Why is leaving a job so difficult for yourself?


Why is leaving a job so difficult for yourself

Why is leaving a job so difficult for yourself?

Leaving a job has always been difficult for me. I've always wanted to quit my job, but I've been too afraid to do it. I've always been told that I'm not ready, that I have more schooling to finish, or that I need more experience. I've been told that I need to grow and develop more, that I need to learn more about the job, the company, and my coworkers before I decide to leave.

When you leave a job, you may feel a range of emotions including excitement, relief, and even a bit of guilt. But the biggest thing you may feel is anxiety about how your job search will turn out. When you leave a job, you aren't simply looking for a new job; you're also leaving your current social support network, your current environment, and your current colleagues. You may feel that you'll be starting from square one and wondering if you'll be able to find a job in a reasonable amount of time.

It's hard to imagine that leaving your job is any easier when you're the one being let go. The shock and uncertainty that comes with being told you're no longer needed at a job can make leaving feel impossible. It's only when you're in the thick of it that you realize how much you've grown and learned at your job. It's also difficult to leave a job knowing that you're leaving behind a team of colleagues and a place where you feel appreciated and valued.

Psychologist Melissa Doman explains that people often criticize themselves as they leave their jobs. For many people, a job is closely tied to their identity and self-efficacy.

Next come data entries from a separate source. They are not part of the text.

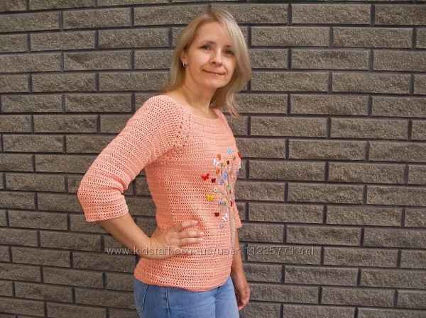 Лёгкий реглан из полухлопка выполнен крючком, апликация из пуговиц. Ярко, удобно, практично. Вы не останетесь незамеченной!Состав: Хлопок 60%, акрил 40%
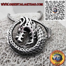 Puissante amulette en Argent 925 avec un dragon en position dynamique, s'enroulant pour former une spirale. Symbole de puissance cosmique, de sagesse éternelle et de protection. Un bijou à fort impact mythologique.
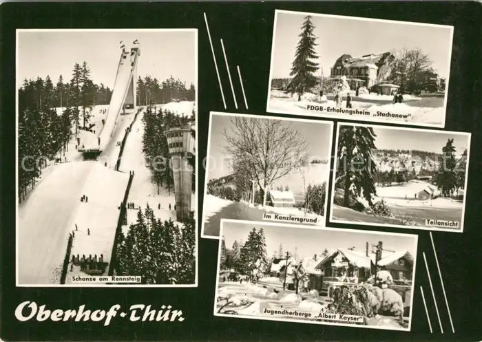 AK / Ansichtskarte Oberhof_Thueringen Schanze am Rennsteig FDGB Erholungsheim Stachanow Kanzerlsgrund Jugendherberge Winterlandschaft Oberhof Thueringen
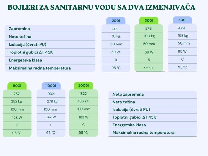 Raspon uključuje modele sa volumenom od 160 do 2000 litara sa dva izmjenjivača toplote. Prikladno za zadovoljenje zahtjeva jedne stambene zgrade ili više porodičnih kuća ili industrijskih potreba.
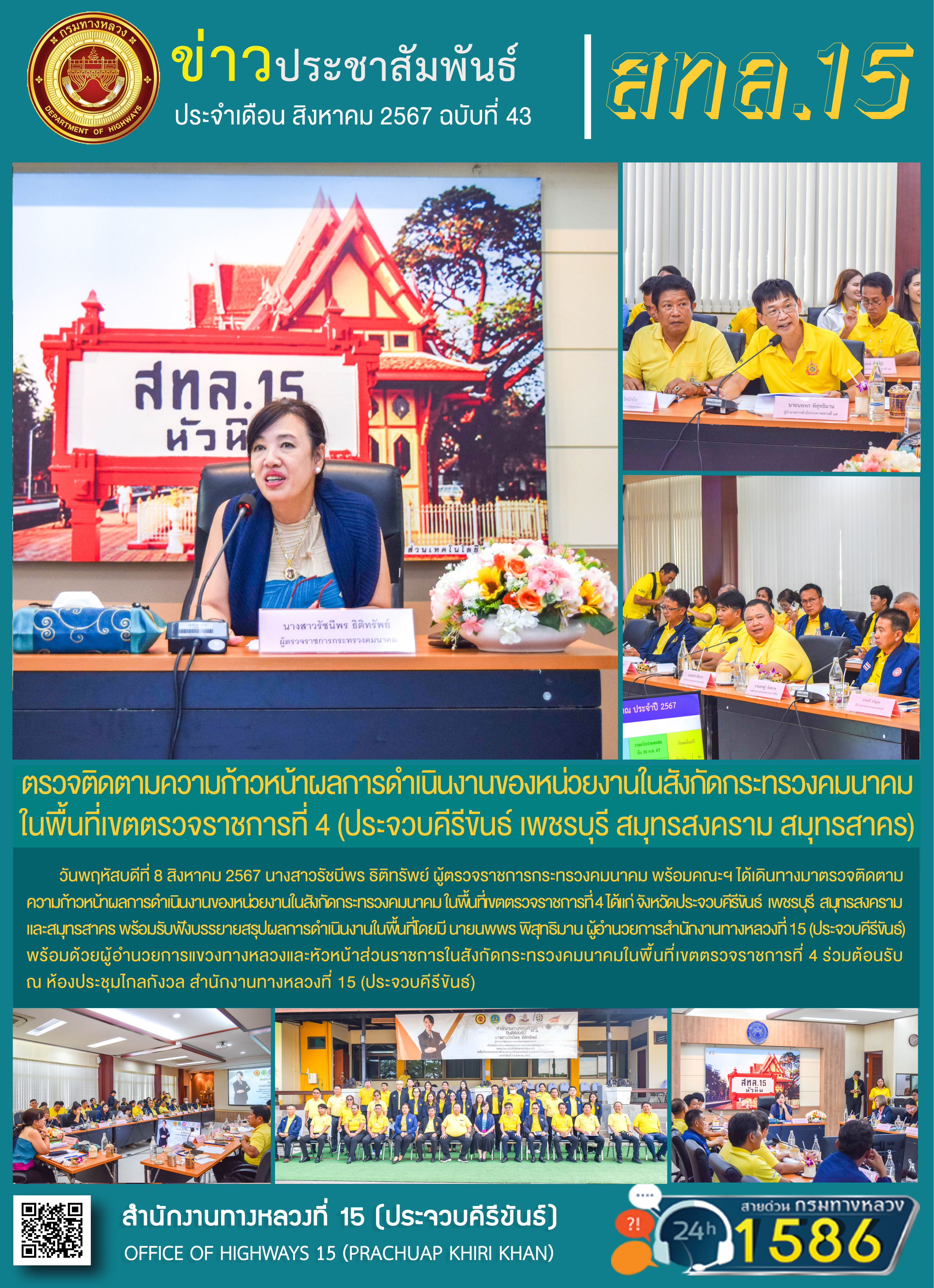 โดยมี นายนพพร พิสุทธิมาน ผู้อำนวยการสำนักงานทางหลวงที่ 15 พร้อมด้วยผู้อำนวยการแขวงทางหลวงและหัวหน้าส่วนราชการในสังกัดกระทรวงคมนาคม ในพื้นที่เขตตรวจราชการที่ 4 ร่วมต้อนรับ ณ ห้องประชุมไกลกังวล สำนักงานทางหลวงที่ 15 (ประจวบคีรีขันธ์)

Despite all these factors, it seems that many people want to quit their job. And 41% of all workers plan to quit their job, according to a recent global survey conducted by Microsoft. In the United States, a record number of workers left their jobs in April 2021, and similar waves are expected in countries such as the United Kingdom, Ireland, Australia, and New Zealand, to the point that this is called a "great wave of resignations.

There are many reasons for this trend, from people reassessing what they want from their careers during the pandemic, to pressures to create a balance between home and work, or even resentment towards employers.

Whatever the motivation, many people who choose to leave their current jobs will have great psychological difficulty quitting smoking, which often leads to many negative repercussions, both from those around us and from ourselves, even if we have a good reason to leave work.

But the upheaval of the pandemic – and the large number of people who have quit their jobs – can help us shed the stigma of quitting and redefine it as a more positive option.

psychologically uncomfortable

These judgments can put a lot of pressure on the person quitting. Quitting without a concrete plan makes the person more likely to feel distressed and anxiety. After submitting your resignation, you may experience many negative emotions, such as shame, guilt, fear, and failure.

Additionally, says Doman, "If you quit your job and have nothing else to plan for, that would be psychologically uncomfortable for the average person. Mentally and neurologically, the brain doesn't like uncertainty or ambiguity.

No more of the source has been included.